Good to hear! Congrats to your son.


----------



## martymcfly73 (Sep 17, 2007)

Let's see that video!


----------



## GaryFish (Sep 7, 2007)

That is the freakiest thing I've ever heard! Wowzers! I hope you got that on video and are marketing the footage to some hunting shows. That had to be pretty weird. 

Congrats on a great hunt for you and your son. 

And you know the rule of a forum like this - a story that great just isn't complete with out at least one pic of a smiling kid and dead bullwinkle. ;-)


----------



## wyogoob (Sep 7, 2007)

Holey Moley, what a cool hunt. How can we see the video?


----------



## Bears Butt (Sep 12, 2007)

Congrats to your son and to you!


----------



## fishcarver (Sep 10, 2007)

Huge Congratulations to you and your son. I was wondering when you were coming down. I'm glad you got into a bunch of bull and had your pick of the bunch with a heck of a story to go with it. Cant wait to see the picture and video.


----------



## full curl earl (Jun 2, 2012)

Will be some time before the video is off tape, but will try and learn how to post it down the road some time. It is fairly nice video, shot with good equipment on HD film, so hopefully it will be nice and clear and serve as a great memory of a truly great hunt. Utah sure has a gem with that hunt unit.


----------



## sawsman (Sep 13, 2007)

Smoker of a bull !!


----------



## digginfreek (Dec 5, 2007)

Nice bull! Congrats! Can I ask what part of the unit you got him on?


----------



## Bears Butt (Sep 12, 2007)

That has to be one of the largest bulls in the area! Excellent! Glad you got it done!


----------



## RedNekFishR (May 22, 2012)

Awesome Bull, and great story to go with it! Congrats to you and your son on a successful hunt.


----------



## dkhntrdstn (Sep 7, 2007)

very nice bull and congrats to your son. cant wait to see the video.


----------



## wyogoob (Sep 7, 2007)

Holey Moley!! I'd just run the other way.


----------



## duneman101 (Nov 6, 2009)

WOW, great bull, and that is some footage i'd love to see. What a bruiser!


----------



## middlefork (Nov 2, 2008)

Very nice bull. Glad it worked out for you guys. I was wondering how you were doing.


----------



## Bo0YaA (Sep 29, 2008)

Fantastic bull congrats!!


----------



## full curl earl (Jun 2, 2012)

The bull comes from Cowley Canyon area.


----------



## MWScott72 (May 23, 2011)

Congrats full curl! Anyone that has shot a moose knows that the hunt is far from over once they're on the ground! Well, maybe the "hunting "part is done, but the real work lies in wait. They are BIG animals!


----------



## izzydog (Jan 18, 2008)

:shock: WOW


----------



## JERRY (Sep 30, 2007)

Very nice! :O||:


----------



## 35whelen (Jul 3, 2012)

nice bull!


----------



## AF CYN (Mar 19, 2009)

Incredible trophy! I can't wait to draw a moose tag someday.


----------



## colorcountrygunner (Oct 6, 2009)

If some guy beat me up and stole my girl then got shot the next day I would probably react the same way


----------



## Mountain Time (Sep 24, 2007)

Awesome! Glad you were able to get the hunt on film. Can't wait to see it.


----------



## full curl earl (Jun 2, 2012)

Gotta say, I have field dressed a number of critters, and this was by far the most frustrating. Thousands of fly's and Hornets made the job feel like it took days! Only one sting, and my son got it! If that other bull would not have shown up we would have still been working in the cool of sunrise. What a great hunt! Now him and I are headed over to the Milk River Ridge to chase Mulies with our bows. This is a good life my friends.


----------



## hunting777 (May 3, 2009)

full curl earl said:


> This is a good life my friends


Amen to that. What more could we ask for.
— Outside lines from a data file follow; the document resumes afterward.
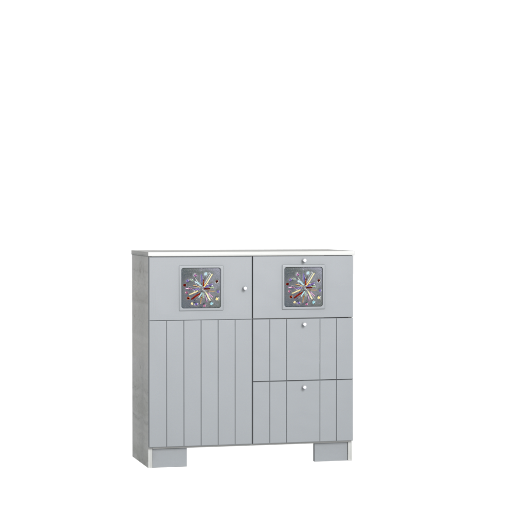 The Polar version of Kamilla flies us from the busy south to the snow-covered North. However, what the painted, soft Grey and light oak corpus provides you is not the cold of the landscape but the soft warmth of the Northern homes and their practical, cosy atmosphere.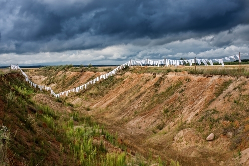 The installation is located in a once long and narrow agricultural field, andnow a trench caused by sand mining – an increasing phenomenon which deeply affectsthe landscape and economy of this rural area of Poland. The route of theclothesline reacts to this artificial topography, as it marks both banks of thesite while crossing it from one side to the other.
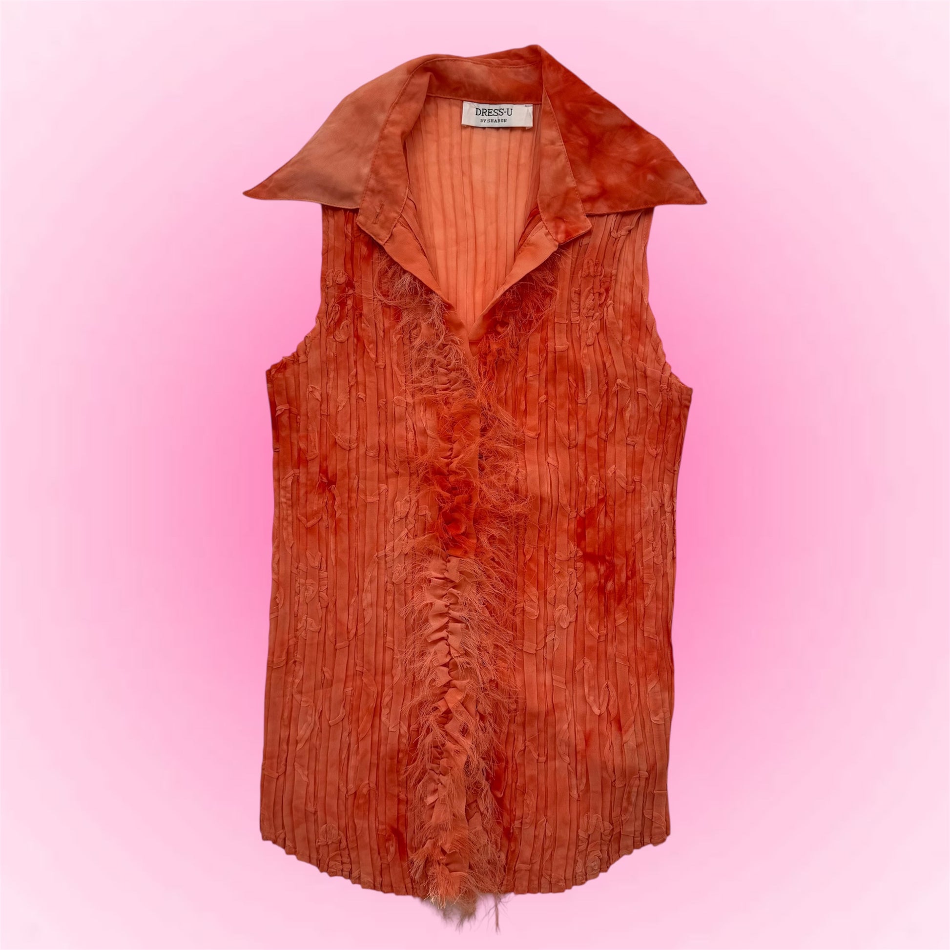 Sleeveless collared top in textured orange fabric. Cute Y2k summer piece.

That man is a awesome bull, I love to see animals come out of the areas that I love to be in. I love the story and hope to see some of the footage soon. congrats and good luck on your deer hunt. :mrgreen: :mrgreen: :mrgreen:


----------



## full curl earl (Jun 2, 2012)

Anybody hear of any other bull moose taken? Would love to see pics of some other bulls taken!


----------



## PredatorSlayer (Jun 5, 2010)

Great job! That is one big moose!


----------



## 90redryder (Oct 10, 2011)

full curl earl said:


> Anybody hear of any other bull moose taken? Would love to see pics of some other bulls taken!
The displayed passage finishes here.